[SOURCE MATERIAL]
◆ ◆ ◆ ◆ ◆

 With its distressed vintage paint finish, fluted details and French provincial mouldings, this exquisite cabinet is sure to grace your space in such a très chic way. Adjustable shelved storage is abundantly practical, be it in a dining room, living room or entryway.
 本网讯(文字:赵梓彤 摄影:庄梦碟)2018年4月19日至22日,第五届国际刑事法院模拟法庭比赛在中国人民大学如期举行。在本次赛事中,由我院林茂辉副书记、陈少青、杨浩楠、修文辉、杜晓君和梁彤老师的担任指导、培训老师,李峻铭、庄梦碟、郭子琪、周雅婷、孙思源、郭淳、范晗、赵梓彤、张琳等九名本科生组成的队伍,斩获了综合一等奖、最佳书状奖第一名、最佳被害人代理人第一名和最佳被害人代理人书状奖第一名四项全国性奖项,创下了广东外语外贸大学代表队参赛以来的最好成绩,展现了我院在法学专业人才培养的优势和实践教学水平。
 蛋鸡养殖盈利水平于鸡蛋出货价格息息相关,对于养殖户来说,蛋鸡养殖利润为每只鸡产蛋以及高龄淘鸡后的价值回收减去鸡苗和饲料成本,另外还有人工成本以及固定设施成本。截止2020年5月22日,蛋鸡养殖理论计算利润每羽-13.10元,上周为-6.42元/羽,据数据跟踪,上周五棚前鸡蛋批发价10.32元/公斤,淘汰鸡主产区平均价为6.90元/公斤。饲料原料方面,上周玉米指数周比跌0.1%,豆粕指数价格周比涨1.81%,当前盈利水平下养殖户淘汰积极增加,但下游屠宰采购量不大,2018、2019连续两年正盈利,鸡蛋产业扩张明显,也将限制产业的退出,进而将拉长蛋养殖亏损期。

◆ ◆ ◆ ◆ ◆

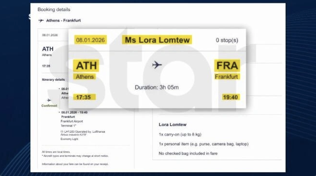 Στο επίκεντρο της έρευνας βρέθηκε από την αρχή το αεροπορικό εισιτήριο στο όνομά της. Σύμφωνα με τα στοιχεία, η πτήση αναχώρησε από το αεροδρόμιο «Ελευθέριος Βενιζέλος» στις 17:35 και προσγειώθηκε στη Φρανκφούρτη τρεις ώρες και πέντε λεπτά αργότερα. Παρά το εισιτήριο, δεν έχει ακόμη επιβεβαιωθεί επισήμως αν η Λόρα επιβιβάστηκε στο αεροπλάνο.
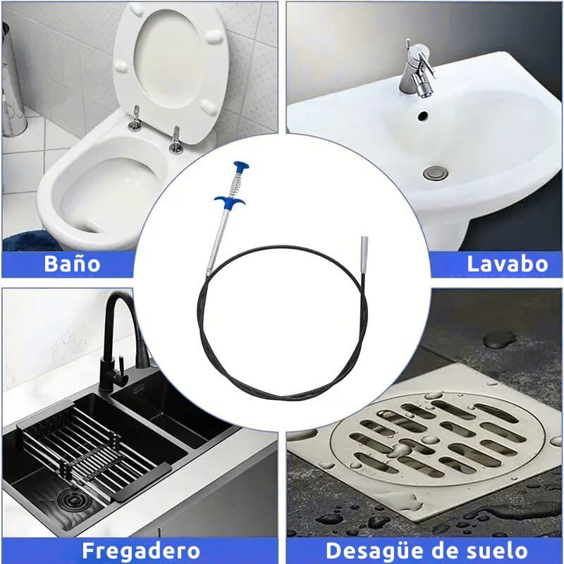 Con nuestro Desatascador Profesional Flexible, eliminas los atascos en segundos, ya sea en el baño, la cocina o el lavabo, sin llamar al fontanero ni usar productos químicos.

◆ ◆ ◆ ◆ ◆

[WORK ITEM] Above are some records; quote exactly and only the lines that begin at the line containing "Στο επίκεντρο της" and stop after the line containing "Con nuestro Desatascador", leaving out the pictures.

[RESULT FOR THIS TASK]
 Στο επίκεντρο της έρευνας βρέθηκε από την αρχή το αεροπορικό εισιτήριο στο όνομά της. Σύμφωνα με τα στοιχεία, η πτήση αναχώρησε από το αεροδρόμιο «Ελευθέριος Βενιζέλος» στις 17:35 και προσγειώθηκε στη Φρανκφούρτη τρεις ώρες και πέντε λεπτά αργότερα. Παρά το εισιτήριο, δεν έχει ακόμη επιβεβαιωθεί επισήμως αν η Λόρα επιβιβάστηκε στο αεροπλάνο.
 Con nuestro Desatascador Profesional Flexible, eliminas los atascos en segundos, ya sea en el baño, la cocina o el lavabo, sin llamar al fontanero ni usar productos químicos.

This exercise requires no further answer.